Where is my code downloaded to on LPC1820 which is a flashless part?

1. When it comes to execution of code from memory, then it doesn't matter where the memory is and what technology it is. The main point is that the ARM can see this memory directly on the bus. For the LPC1800 this is the case for the internal memory (flash and SRAM), for SRAM and SDRAM on the external bus, for parallel NOR flash on the external bus and for the QSPI flashes connected at the SPIFI.
2. Memory where the ARM could not execute from:  NAND flash, seriel flash on SPI bus.

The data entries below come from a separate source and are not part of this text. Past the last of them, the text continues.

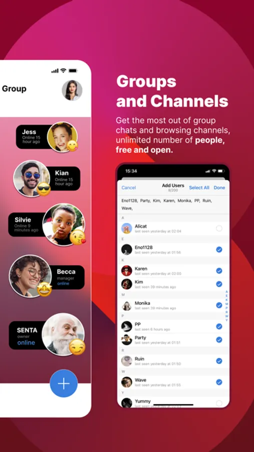 • You can create group chats for up to 100,000 members, share large videos, documents of any type, and even set up bots for specific tasks. It's the perfect tool for hosting online communities and coordinating teamwork.
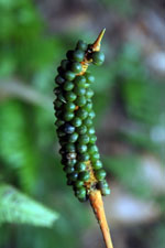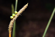 | Field notes | Acaulescent rosette-palm. Leaves 9 per rosette; sheath 19cm, open; petiole 56cm, green; rachis 43cm; lamina 60 x 44cm; pinnae 4 per side, basal 27cm, middle 30cm, apical 23cm. Prophyll 8cm long; peduncular bract 18cm long, soft, brown, inserted at base; peduncle 77cm long, 0.4cm thick, smooth; rachis 11cm long 1cm thick, unbranched; flowers sunken.Transect HB334-SU44. |
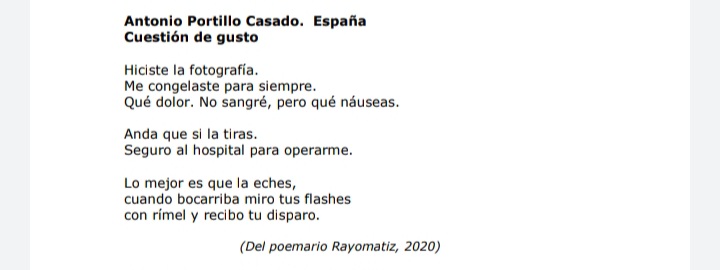 Cuestión de gusto. Poema de Antonio Portillo Casado publicado en la revista poética Oriflama Publicado el 9 junio, 20219 junio, 2021 por Antonio Portillo Casado Mi agradecimiento a la poeta Isabel Díez Serrano por publicar mi poema «Cuestión de gusto» en la estupenda revista poetica que dirige, Oriflama. Compartir: Comparte en Facebook (Se abre en una ventana nueva) Facebook Compartir en X (Se abre en una ventana nueva) X Compartir en Tumblr (Se abre en una ventana nueva) Tumblr Haz clic en Pinterest (Se abre en una ventana nueva) Pinterest Compartir en Telegram (Se abre en una ventana nueva) Telegram Compartir en WhatsApp (Se abre en una ventana nueva) WhatsApp Compartir en LinkedIn (Se abre en una ventana nueva) LinkedIn Compartir en Reddit (Se abre en una ventana nueva) Reddit Compartir en Pocket (Se abre en una ventana nueva) Pocket Más Imprimir (Se abre en una ventana nueva) Imprimir Enviar un enlace a un amigo por correo electrónico (Se abre en una ventana nueva) Correo electrónico Me gusta Cargando... Relacionado

For a debug session this means the following: 

• Your executable code (= the binary, generated out of the ELF file) must be somewhere in memory defined in 1). The way it went there is in principle a completely different step. You can program it into flash with a tool, you can make a serial download using ISP programming, you can use the JTAG tool using the functionality built into the debugger (take care, you don't use it as a debugger, you use it as a download channel over JTAG), you can program the QSPI externally and put it then on the board etc etc.
  Finally the executable code just needs to be there, linked for this memory region.
• IDEs offer mostly a comfortable procedure for starting a debug session:  build the image + download the binary / flash the binary + start the debugger. But each step is an own task. So when you say that the debugger downloads code to the flash, then this is not completely true. The IDE uses a procedure to download code by means of the JTAG connection and programs it into the flash, but  in a first step this has nothing to do with debugging. A direct writing into memory (call it download) is only possible for RAM.
• For a comfortable debugging session the debugger must know the image (= the ELF file), which can have integrated debug information) and must know its linker map.
• When you start the debug session, the debugger reads out the physical memory region (= the binary) and compares it to the  data from the ELF file. If it matches, then the debugger program knows the relation between the code in the MCU and the ELF image with debug information.
• Then you can debug, every time you make a step in the code, information goes up and down the JTAG connection to align the two instances of the code, the one in the MCU and the one in the debugger program.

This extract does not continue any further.